Vereadora vai ao Ministério Público denunciar mudança que impede matrícula de crianças em Cmeis de Goiânia

A iniciativa é da parlamentar Sabrina Garcez que denunciou a situação em plenário no fim do mês passado. A intenção é garantir a matrícula das crianças para o próximo ano.

23 de novembro de 2018

No último dia 30, a vereadora foi procurada por pais de alunos dos CMEIs da capital revoltados com a informação que haviam recebido da direção das unidades sobre a decisão da Secretaria Municipal de Educação de não aceitar matrículas de crianças com idade superior a três anos. Os responsáveis pelas crianças, foram informados ainda que elas deveriam ser encaminhadas para as escolas que possuem turmas de pré-primário, que funcionam em período parcial.

Na oportunidade, Sabrina usou a tribuna da Câmara Municipal para denunciar a situação e apresentou requerimento pedindo explicações ao prefeito Iris Rezende (MDB) e ao secretário de Educação, Marcelo Ferreira da Costa. A vereadora ressaltou ainda que, ao contrário das escolas, os CMEIs atendem as crianças em período integral e ainda servem refeições. “Muitos pais estão preocupados com a mudança e é responsabilidade da Prefeitura oferecer vagas nos CMEIs para crianças com até cinco anos”, lembrou.

Passados mais de vinte dias do pedido de explicações e sem solução para o problema, a vereadora irá hoje, protocolar junto à promotora Maria Bernadete Ramos Crispim, da 42ª Promotoria de Justiça do Ministério Público de Goiás (MP-GO), denúncia contra a Secretaria Municipal de Educação por impedir a permanência de crianças entre três anos e meio e cinco anos nos Centros Municipais de Educação Infantil (CMEIS).

 

A parlamentar e também advogada, alega que a Secretaria Municipal de Educação com o argumento de reestruturação do serviço público está impossibilitando a permanência das crianças nas CMEIS, alegando ainda que o ato ocorre por determinação do Ministério Público, que estabeleceu a ampliação de vagas para crianças de até três anos de idade.

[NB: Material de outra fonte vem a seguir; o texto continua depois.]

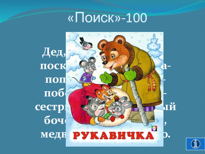 «Поиск»-100Дед, собачка, мышка-поскребушка, лягушка-попрыгушка, зайчик-побегайчик, лисичка-сестричка, волчок-серый бочок, кабан-клыкан, медведюшко-батюшко.
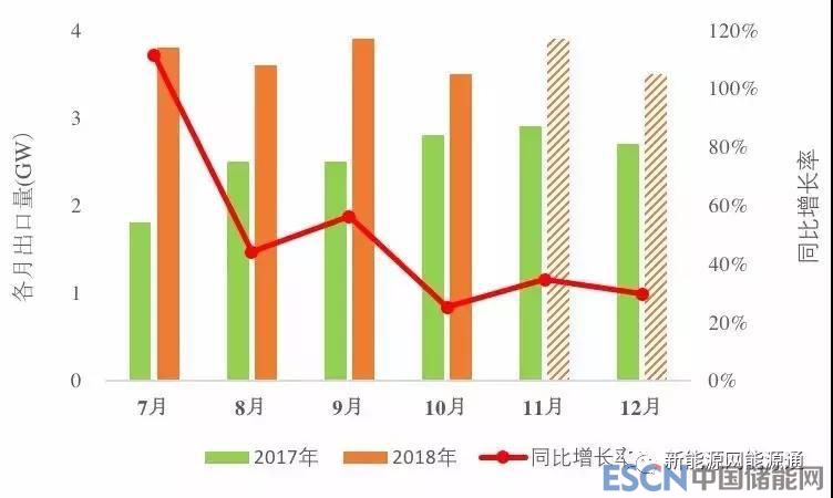 圖:2017、2018年下半年各月組件出口量及增長(zhǎng)率

Sabrina Garcez afirma ainda que a situação está prejudicando as famílias em situação de vulnerabilidade social e financeira, que foram pegas de surpresa e não possuem condições de deixar seu trabalho para cuidarem dos filhos, uma vez que os CMEIS garantiam o trabalho regular dessas famílias que podiam deixar os menores impúberes em tempo integral nos Centros Municipais.

“É necessário considerar que as crianças iniciam o processo de alfabetização a partir dos seis anos de idade, portanto antes de atingirem tal idade devem permanecer nos Centros Municipais de Educação que visam a educação infantil e possuem meios apropriados de orientação para esses menores. Os pais vêm mostrando preocupação quanto á metodologia das Escolas Municipais com as crianças que ainda não possuem maturidade e necessitam permanecer na Educação Infantil”, ressalta a vereadora.